The governor wanted lawmakers to require that CalPERS, which negotiates and administers medical coverage for state employees and retirees, add at least one health plan to the state’s menu that would give subscribers lower monthly premiums paired with a tax-advantaged health-savings account. Since the state pays a percentage of premiums, a high-deductible pay would save money for the state and, by extension, taxpayers.

But high-deductible plans exchange those lower premiums for higher co-pays for visits to doctors and significantly larger deductibles for treatments, hospitalization and drugs. Employees bear those higher out-of-pocket costs.
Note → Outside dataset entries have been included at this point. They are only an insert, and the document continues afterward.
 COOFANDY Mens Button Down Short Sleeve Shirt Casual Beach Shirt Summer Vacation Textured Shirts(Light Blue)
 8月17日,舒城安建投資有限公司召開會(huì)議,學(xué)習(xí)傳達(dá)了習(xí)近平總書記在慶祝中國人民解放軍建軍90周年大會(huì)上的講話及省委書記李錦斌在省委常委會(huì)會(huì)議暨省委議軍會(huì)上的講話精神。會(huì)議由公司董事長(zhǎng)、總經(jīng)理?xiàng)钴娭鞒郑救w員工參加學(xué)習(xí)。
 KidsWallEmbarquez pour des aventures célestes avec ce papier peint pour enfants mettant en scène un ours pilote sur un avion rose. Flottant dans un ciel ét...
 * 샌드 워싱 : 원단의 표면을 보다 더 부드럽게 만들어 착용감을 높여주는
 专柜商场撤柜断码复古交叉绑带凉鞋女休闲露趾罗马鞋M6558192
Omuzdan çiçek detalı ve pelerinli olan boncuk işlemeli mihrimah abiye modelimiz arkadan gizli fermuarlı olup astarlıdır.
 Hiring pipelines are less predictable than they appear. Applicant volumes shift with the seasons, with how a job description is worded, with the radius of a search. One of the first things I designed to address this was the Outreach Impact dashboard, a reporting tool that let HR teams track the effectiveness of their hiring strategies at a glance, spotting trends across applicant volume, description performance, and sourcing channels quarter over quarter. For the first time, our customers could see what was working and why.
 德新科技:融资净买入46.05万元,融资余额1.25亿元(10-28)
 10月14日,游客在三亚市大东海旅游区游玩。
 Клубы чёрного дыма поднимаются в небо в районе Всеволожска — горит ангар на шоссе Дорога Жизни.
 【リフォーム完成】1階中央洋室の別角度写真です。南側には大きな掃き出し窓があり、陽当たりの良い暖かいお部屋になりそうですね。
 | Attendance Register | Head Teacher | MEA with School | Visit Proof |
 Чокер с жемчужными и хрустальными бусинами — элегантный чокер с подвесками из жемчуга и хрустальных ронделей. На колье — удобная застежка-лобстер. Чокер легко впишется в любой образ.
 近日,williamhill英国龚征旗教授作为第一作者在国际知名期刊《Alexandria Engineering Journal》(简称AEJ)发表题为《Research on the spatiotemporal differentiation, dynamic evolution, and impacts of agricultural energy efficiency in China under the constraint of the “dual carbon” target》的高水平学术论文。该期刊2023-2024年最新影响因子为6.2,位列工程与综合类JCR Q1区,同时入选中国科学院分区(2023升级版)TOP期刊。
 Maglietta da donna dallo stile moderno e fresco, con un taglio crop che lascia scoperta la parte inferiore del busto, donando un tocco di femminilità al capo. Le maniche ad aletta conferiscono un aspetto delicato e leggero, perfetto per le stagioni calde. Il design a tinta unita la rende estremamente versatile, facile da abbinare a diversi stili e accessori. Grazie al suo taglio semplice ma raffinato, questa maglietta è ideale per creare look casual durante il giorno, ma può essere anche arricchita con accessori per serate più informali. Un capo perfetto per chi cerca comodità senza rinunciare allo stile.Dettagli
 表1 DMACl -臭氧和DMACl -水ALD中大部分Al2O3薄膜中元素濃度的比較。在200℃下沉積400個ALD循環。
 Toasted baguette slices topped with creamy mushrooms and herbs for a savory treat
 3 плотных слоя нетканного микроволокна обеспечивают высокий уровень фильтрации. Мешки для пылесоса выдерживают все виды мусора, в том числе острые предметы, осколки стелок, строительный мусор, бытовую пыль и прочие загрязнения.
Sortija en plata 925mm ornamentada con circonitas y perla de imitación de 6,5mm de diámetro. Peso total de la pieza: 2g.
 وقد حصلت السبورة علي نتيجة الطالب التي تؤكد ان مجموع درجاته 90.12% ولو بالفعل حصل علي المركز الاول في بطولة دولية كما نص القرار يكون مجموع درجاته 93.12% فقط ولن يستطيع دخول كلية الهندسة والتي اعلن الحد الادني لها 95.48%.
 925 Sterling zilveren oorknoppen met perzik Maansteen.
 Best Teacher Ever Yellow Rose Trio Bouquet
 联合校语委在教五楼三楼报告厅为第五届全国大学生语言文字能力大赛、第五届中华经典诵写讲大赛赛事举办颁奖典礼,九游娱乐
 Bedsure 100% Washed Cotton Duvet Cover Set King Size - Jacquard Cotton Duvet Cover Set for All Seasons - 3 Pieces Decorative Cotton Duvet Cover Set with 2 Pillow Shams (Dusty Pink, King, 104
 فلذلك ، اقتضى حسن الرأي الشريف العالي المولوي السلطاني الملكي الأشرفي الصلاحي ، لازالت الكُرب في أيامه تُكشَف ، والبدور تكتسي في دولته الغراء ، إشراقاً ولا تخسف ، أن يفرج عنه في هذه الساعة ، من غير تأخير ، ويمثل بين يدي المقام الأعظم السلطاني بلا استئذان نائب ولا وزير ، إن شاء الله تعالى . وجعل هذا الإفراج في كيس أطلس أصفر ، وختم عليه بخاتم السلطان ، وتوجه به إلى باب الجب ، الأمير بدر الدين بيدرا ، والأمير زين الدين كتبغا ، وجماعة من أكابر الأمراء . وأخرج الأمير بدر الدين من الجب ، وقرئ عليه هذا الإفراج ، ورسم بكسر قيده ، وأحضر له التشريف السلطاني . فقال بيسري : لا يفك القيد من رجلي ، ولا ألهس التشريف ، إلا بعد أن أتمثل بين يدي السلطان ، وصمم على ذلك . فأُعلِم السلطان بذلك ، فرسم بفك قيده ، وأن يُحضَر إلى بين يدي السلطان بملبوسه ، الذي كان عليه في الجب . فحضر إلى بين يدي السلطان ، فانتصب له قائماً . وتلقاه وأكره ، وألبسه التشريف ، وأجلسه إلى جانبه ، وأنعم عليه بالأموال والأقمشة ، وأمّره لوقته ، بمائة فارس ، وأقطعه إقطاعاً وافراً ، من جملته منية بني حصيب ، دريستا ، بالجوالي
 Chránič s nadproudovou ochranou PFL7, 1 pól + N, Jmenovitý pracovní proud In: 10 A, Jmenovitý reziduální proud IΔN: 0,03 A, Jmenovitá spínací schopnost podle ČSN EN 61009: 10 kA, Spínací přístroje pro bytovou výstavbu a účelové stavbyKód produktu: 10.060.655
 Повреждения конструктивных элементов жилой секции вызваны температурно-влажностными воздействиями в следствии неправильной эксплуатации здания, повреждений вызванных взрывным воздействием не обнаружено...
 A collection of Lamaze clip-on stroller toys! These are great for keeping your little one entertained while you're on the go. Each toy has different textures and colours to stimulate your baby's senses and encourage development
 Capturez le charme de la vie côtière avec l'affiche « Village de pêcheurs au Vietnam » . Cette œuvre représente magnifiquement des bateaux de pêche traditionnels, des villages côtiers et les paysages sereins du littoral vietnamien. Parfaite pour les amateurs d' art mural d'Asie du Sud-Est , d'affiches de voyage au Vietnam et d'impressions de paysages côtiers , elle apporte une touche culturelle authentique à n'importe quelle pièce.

Unions blasted Brown’s proposal, while some state experts questioned whether such a plan – common in the private sector – would save money. And the lowest-premium insurance that CalPERS offers is also its least popular, raising the possibility that state employees would stick with their high-premium plans even if offered a high-deductible alternative.

Although the proposal wasn’t in the budget, Brown could still resurrect it. The governor has said he wants to negotiate lower-tier benefits with labor unions, and he’s in talks with four group right now. If any reach agreement for a cheaper plan before lawmakers adjourn in September, a bill could be rushed through for Brown’s signature.

And with three more state budgets to craft before he is termed out, the governor could float the idea again in subsequent proposals.